2. The connexion of the laws of the material world with an intelligence which preconceived and instituted the law, which is thus, as we perceive, so generally impressed on the common apprehension of mankind, has also struck no less those who have studied nature with a more systematic attention, and with the peculiar views which belong to science. The laws which such persons learn and study, seem, indeed, most naturally to lead to the conviction of an intelligence which originally gave to the law its form.

What we call a general law is, in truth, a form of expression including a number of facts of like kind. The facts are separate; the unity of view by which we associate them, the character of generality and of law, resides in those relations which are the object of the intellect. The law once apprehended by us, takes in our minds the place of the facts themselves, and is said to _govern_ or determine them, because it determines our anticipations of what they will be. But we cannot, it would seem, conceive a law, founded on such intelligible relations, to govern and determine the facts themselves, any otherwise than by supposing also an intelligence by which these relations are contemplated, and these consequences realized. We cannot then represent to ourselves the universe governed by general laws otherwise than by conceiving an intelligent and conscious Deity, by whom these laws were originally contemplated, established, and applied.

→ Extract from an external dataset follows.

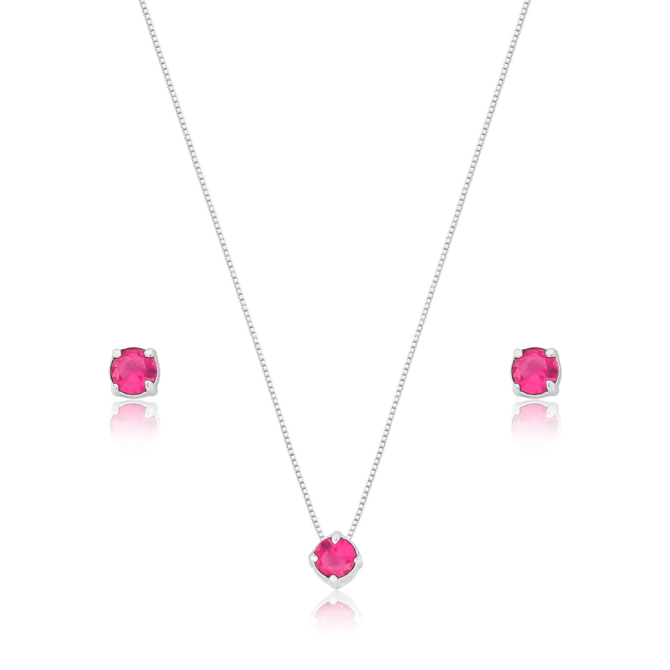 Brincos fixos de pino no formato redondo com zircônia na cor Rubi.

This perhaps will appear more clear, when it is considered that the laws of which we speak are often of an abstruse and complex kind, depending upon relations of space, time, number, and other properties, which we perceive by great attention and thought. These relations are often combined so variously and curiously, that the most subtle reasonings and calculations which we can form are requisite in order to trace their results. Can such laws be conceived to be instituted without any exercise of knowledge and intelligence? Can material objects apply geometry and calculation to themselves? Can the lenses of the eye, for instance, be formed and adjusted with an exact suitableness to their refractive powers, while there is in the agency which has framed them, no consciousness of the laws of light, of the course of rays, of the visible properties of things? This appears to be altogether inconceivable.

Every particle of matter possesses an almost endless train of properties, each acting according to its peculiar and fixed laws. For every atom of the same kind of matter these laws are invariably and perpetually the same, while for the different kinds of matter the difference of these properties is equally constant. This constant and precise resemblance, this variation equally constant and equally regular, suggest irresistibly the conception of some cause, independent of the atoms themselves, by which their similarity and dissimilarity, the agreement and difference of their deportment under the same circumstances, have been determined. Such a view of the constitution of matter, as is observed by an eminent writer of our own time, effectually destroys the idea of its eternal and self-existent nature, “by giving to each of its atoms the essential characters, at once, of a _manufactured article_ and a _subordinate agent_.”[32]

That such an impression, and the consequent belief in a divine Author of the universe, by whom its laws were ordained and established, does result from the philosophical contemplation of nature, will, we trust, become still more evident by tracing the effect produced upon men’s minds by the discovery of such laws and properties as those of which we have been speaking; and we shall therefore make a few observations on this subject.